• Available data
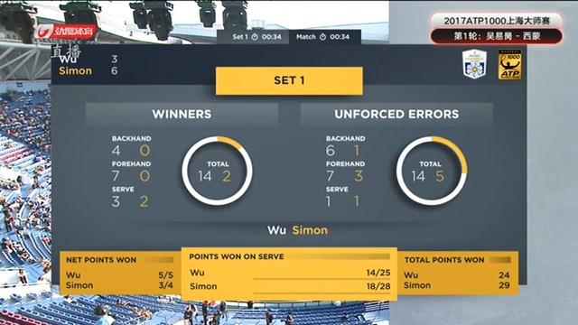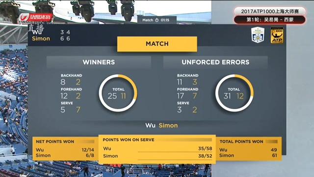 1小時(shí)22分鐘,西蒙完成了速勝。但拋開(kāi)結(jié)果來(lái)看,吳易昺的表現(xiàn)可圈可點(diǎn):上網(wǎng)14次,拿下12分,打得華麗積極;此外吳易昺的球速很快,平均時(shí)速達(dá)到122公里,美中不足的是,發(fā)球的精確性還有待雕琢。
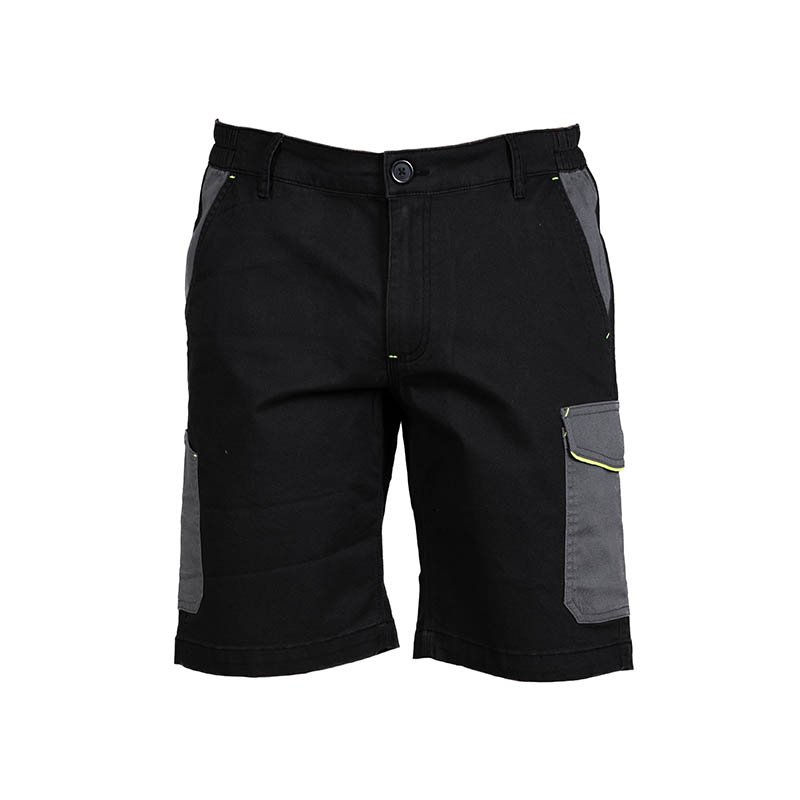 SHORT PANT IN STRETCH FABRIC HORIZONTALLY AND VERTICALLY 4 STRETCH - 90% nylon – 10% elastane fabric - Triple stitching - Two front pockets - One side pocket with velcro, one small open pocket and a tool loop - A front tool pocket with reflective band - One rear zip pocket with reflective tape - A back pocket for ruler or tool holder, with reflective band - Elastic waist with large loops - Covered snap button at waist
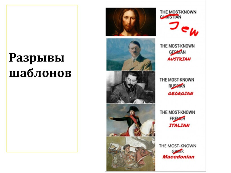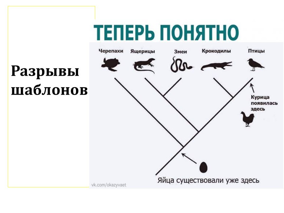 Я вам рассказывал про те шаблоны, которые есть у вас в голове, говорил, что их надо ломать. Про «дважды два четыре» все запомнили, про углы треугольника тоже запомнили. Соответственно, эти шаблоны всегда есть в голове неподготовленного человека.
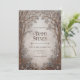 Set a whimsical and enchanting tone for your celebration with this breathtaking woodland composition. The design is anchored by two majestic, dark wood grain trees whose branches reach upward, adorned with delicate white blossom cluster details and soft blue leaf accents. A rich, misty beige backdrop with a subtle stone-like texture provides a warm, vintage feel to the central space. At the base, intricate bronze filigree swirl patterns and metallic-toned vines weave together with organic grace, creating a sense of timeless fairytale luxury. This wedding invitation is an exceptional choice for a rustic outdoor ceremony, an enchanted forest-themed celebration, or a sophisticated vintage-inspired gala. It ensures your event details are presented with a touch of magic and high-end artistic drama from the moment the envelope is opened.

• Directions
In repeating the lines above, keep the wording exact and leave every picture out.

• Response for this exercise
 1小時(shí)22分鐘,西蒙完成了速勝。但拋開(kāi)結(jié)果來(lái)看,吳易昺的表現(xiàn)可圈可點(diǎn):上網(wǎng)14次,拿下12分,打得華麗積極;此外吳易昺的球速很快,平均時(shí)速達(dá)到122公里,美中不足的是,發(fā)球的精確性還有待雕琢。
 SHORT PANT IN STRETCH FABRIC HORIZONTALLY AND VERTICALLY 4 STRETCH - 90% nylon – 10% elastane fabric - Triple stitching - Two front pockets - One side pocket with velcro, one small open pocket and a tool loop - A front tool pocket with reflective band - One rear zip pocket with reflective tape - A back pocket for ruler or tool holder, with reflective band - Elastic waist with large loops - Covered snap button at waist
 Я вам рассказывал про те шаблоны, которые есть у вас в голове, говорил, что их надо ломать. Про «дважды два четыре» все запомнили, про углы треугольника тоже запомнили. Соответственно, эти шаблоны всегда есть в голове неподготовленного человека.
 Set a whimsical and enchanting tone for your celebration with this breathtaking woodland composition. The design is anchored by two majestic, dark wood grain trees whose branches reach upward, adorned with delicate white blossom cluster details and soft blue leaf accents. A rich, misty beige backdrop with a subtle stone-like texture provides a warm, vintage feel to the central space. At the base, intricate bronze filigree swirl patterns and metallic-toned vines weave together with organic grace, creating a sense of timeless fairytale luxury. This wedding invitation is an exceptional choice for a rustic outdoor ceremony, an enchanted forest-themed celebration, or a sophisticated vintage-inspired gala. It ensures your event details are presented with a touch of magic and high-end artistic drama from the moment the envelope is opened.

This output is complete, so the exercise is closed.